As much as 40.6 percent of the lowest quintile owned the lands on which their homes were constructed. On the other hand squatting and 'other' forms of tenancy were the dominant forms of arrangements in Toledo and Stann Creek, and included 'permission to work', indicative of communal patterns characteristic of the Maya.

There was a high degree of home ownership, except in the Belize District. The poor were more likely to live in dwellings with walls of wood, and in Toledo, with thatch roofing and earthen floors.

Housing conditions of the poor displayed certain characteristics. There were more persons per bedroom than among the non-poor. Toilet facilities were of poor quality and, in Toledo, 41.2 percent had no toilet facilities whatsoever. Pit latrines remained the dominant form of toilet facility across the country, but only 7.4 percent had the ventilated pit latrine that has been promoted officially.

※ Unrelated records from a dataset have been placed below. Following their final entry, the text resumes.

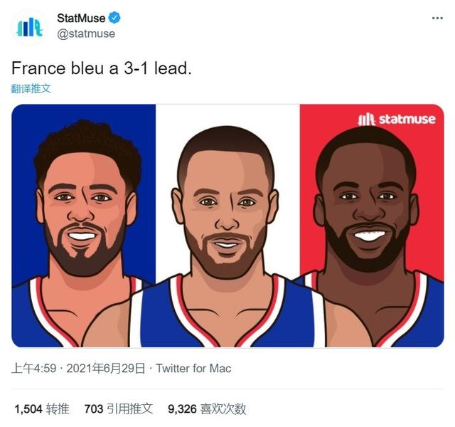 美媒Statmuse没有放过这个“3比1领先被翻盘”的机会,他们把库汤追三人P上了法国国旗的配色。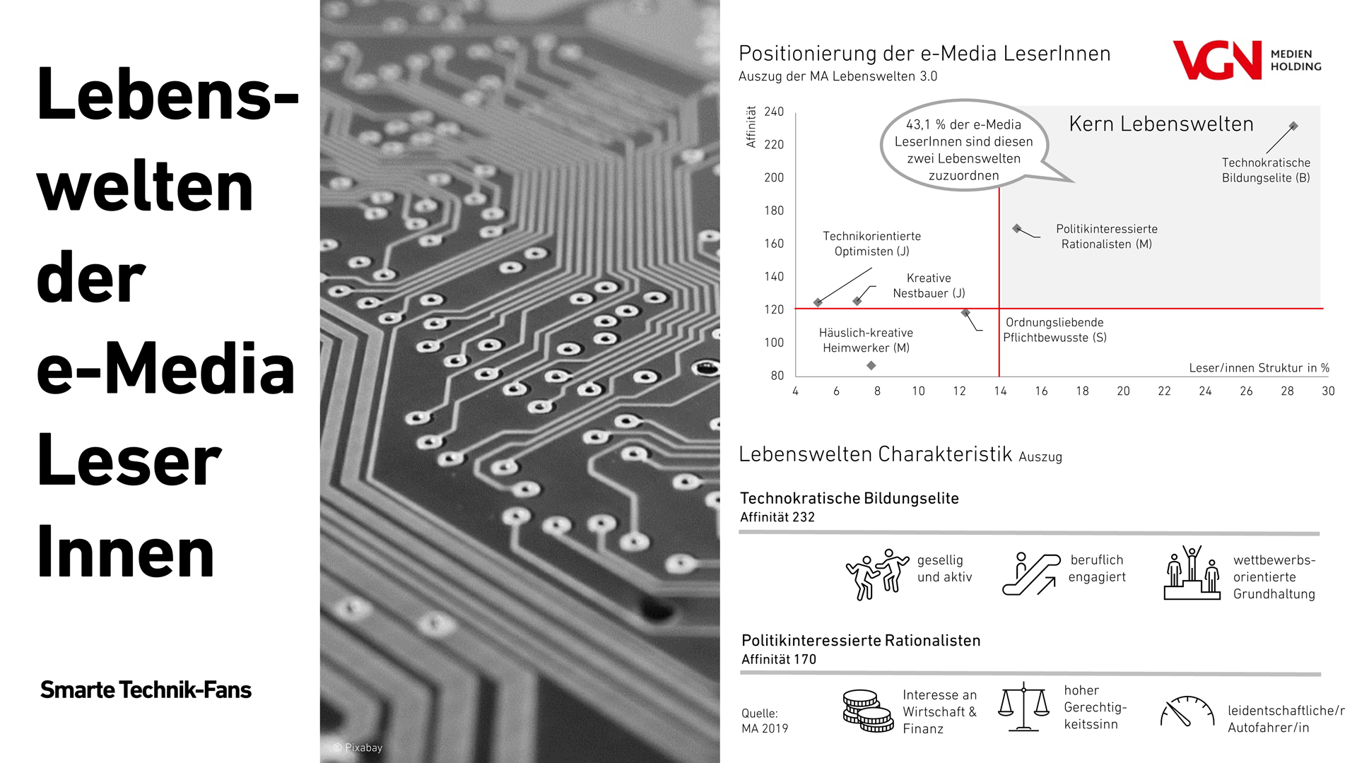 Rund 43 % der e-media-LeserInnen lassen sich diesen beiden Lebenswelten zuordnen, die im Vergleich zur österreichischen Wohnbevölkerung (14+) mit einer Affinität von 232 bzw. 170 innerhalb der e-media-Leserschaft deutlich überdurchschnittlich ausgeprägt sind.
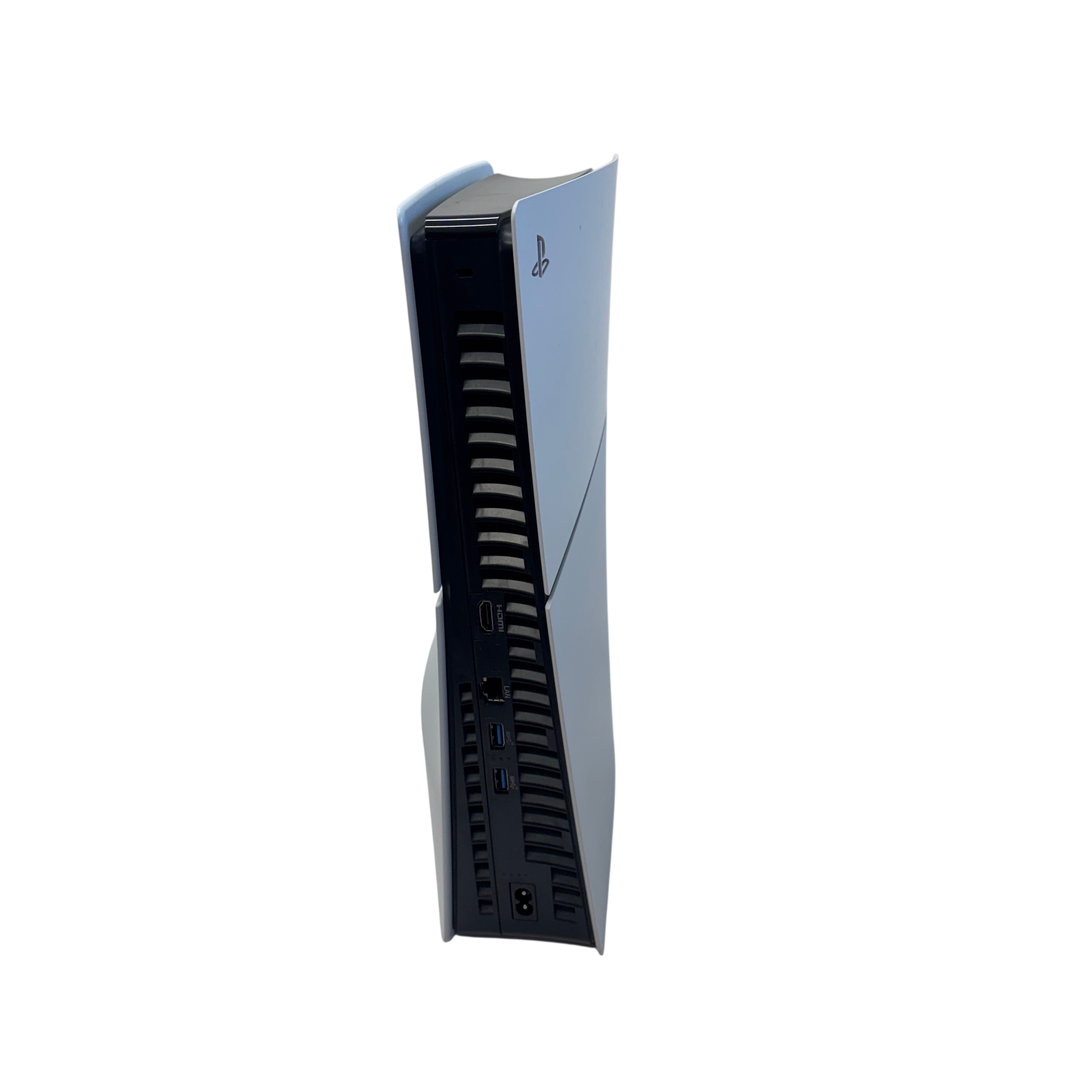 Sony PlayStation 5 Digital Edition (Model CFI-2015) is a sleek white and black video game console designed for immersive next-generation gaming. This digital-only version features a compact form factor with dimensions of 3.14 inches height, 8.46 inches width, and 14.76 inches length, weighing approximately 5.73 pounds. The console supports 4K gaming and comes with a power cable included. Please note, this listing does not include a controller or HDMI cable, making it ideal for buyers who already have accessories or want to customize their setup.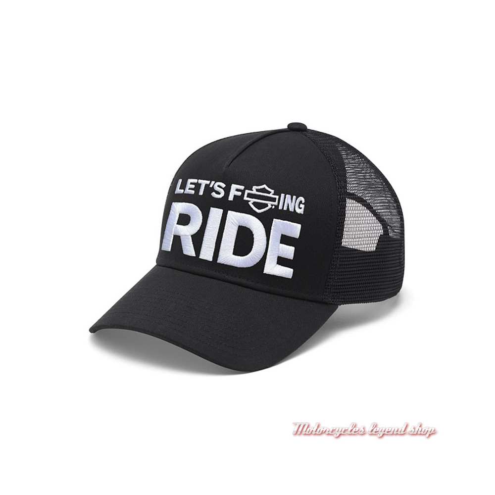 100 % sergé de coton, arrière en maille 100 % polyester. Visière incurvée. Graphisme Harley-Davidson® Let's F ing Ride. Arrière réglable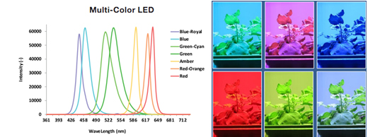 因此FytoScope在白光LED和紅藍LED以外,還配備了遠紅光光源。除了為植物生長提供最佳的光質,同時滿足植物光形態(tài)建成的需要。另外,F(xiàn)ytoScope可以提供綠光LED與紅藍LED組成三原色光源系統(tǒng),通過調(diào)整三原色的比例,能夠發(fā)出可見光譜中任意一種顏色的光,用于不同光質對植物影響的研究(圖4)。
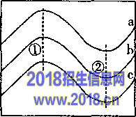 18.若三条线为等高线,则①、②两地代表的地形分别是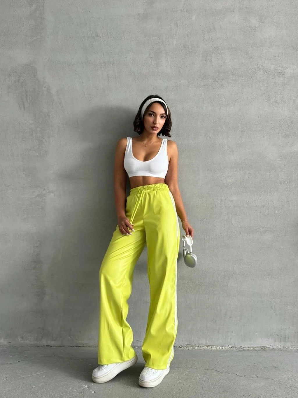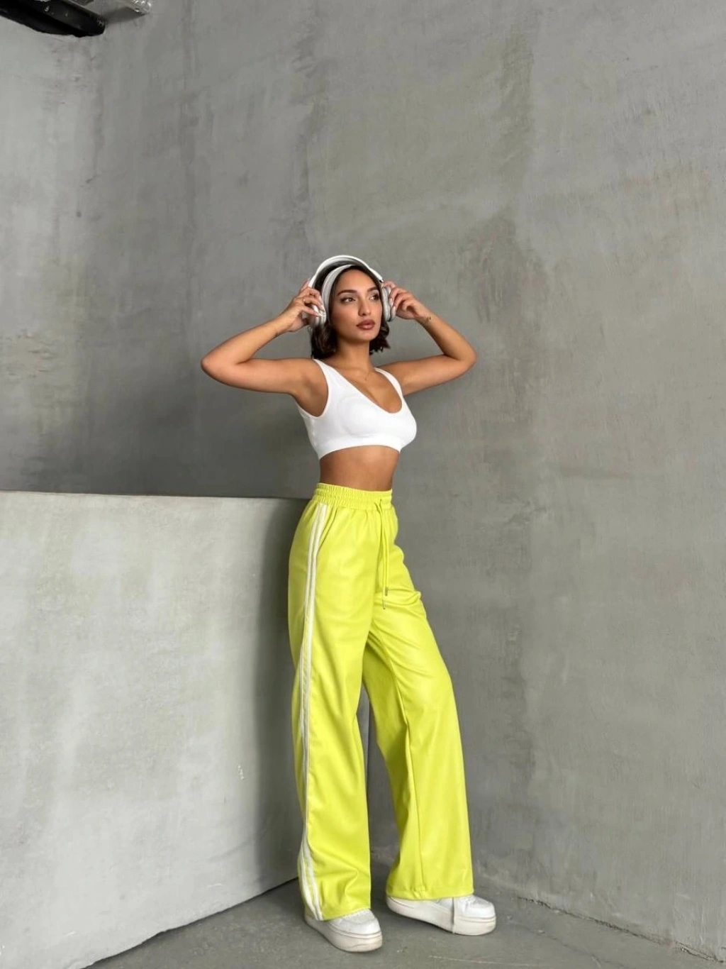 İspanyol yırtmaçlı paça deri pantolon siyah hn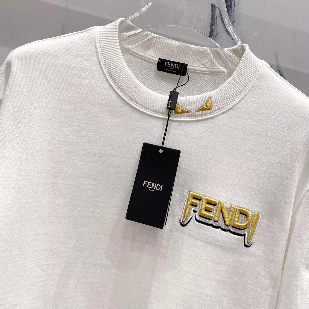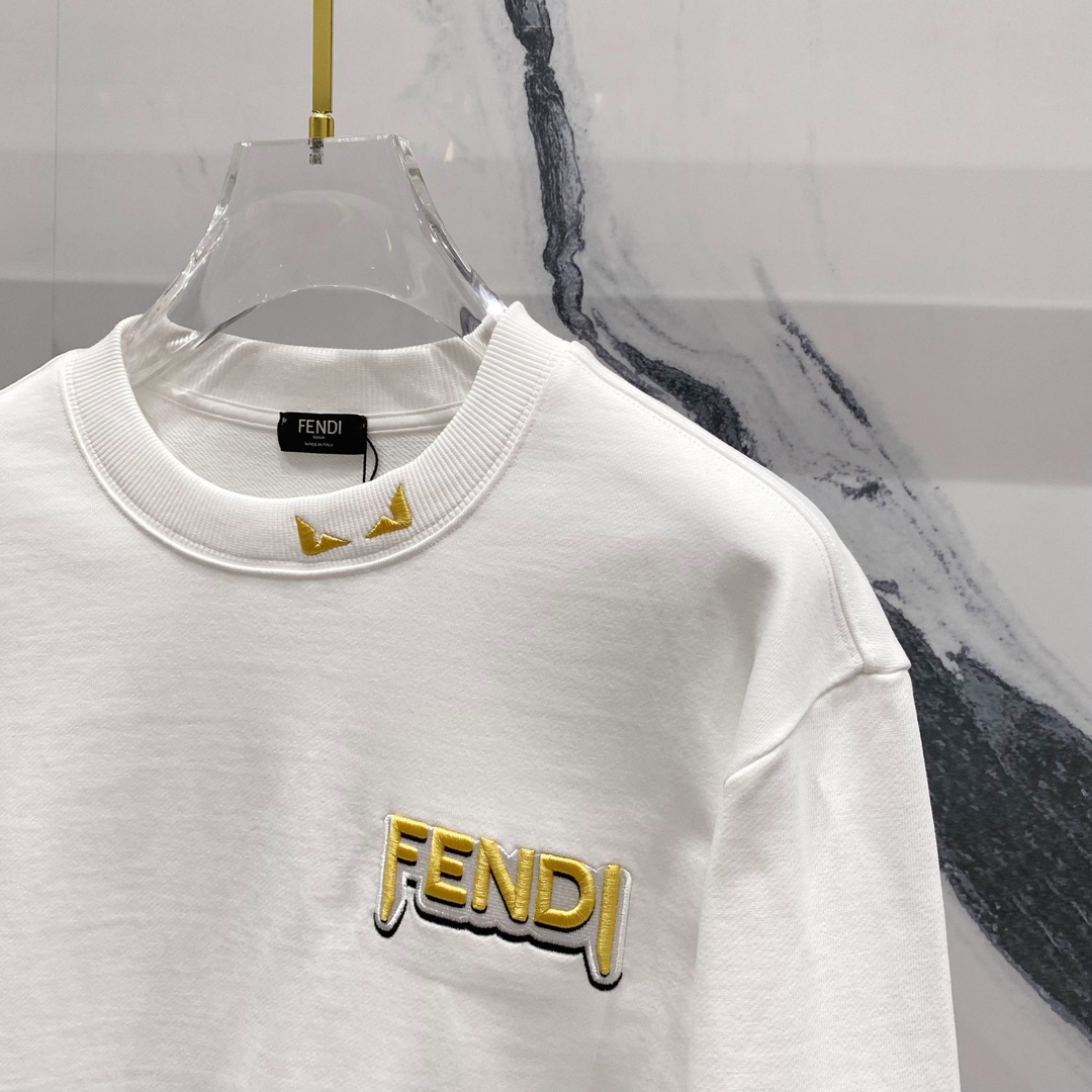 顶级最高版本 fendi 芬迪 FF 经典刺绣字母logo圆领卫衣

There was also an apparent lack of sensitivity or knowledge among sections of the population about the relationship between environmental sanitation and health. Electricity was used for lighting even by the poor, except in Toledo, where 63.4 percent of the population was still dependent on kerosene. The poor were more dependent on wood as a fuel for cooking than the non-poor.

In respect of household durables, there was a high incidence of ownership of radios, even among the poor. Even the poor in Belize District had a higher level of ownership of television sets than the better off in Toledo and Stann Creek: this is attributable, for the most part, to the problems of rural electrification.

While their water supply was generally no worse than the average for the country, there were major pockets of poor and even non-poor who were dependent on untreated supplies from rivers and streams. The situation in Stann Creek, Toledo and parts of Cayo was still very acute.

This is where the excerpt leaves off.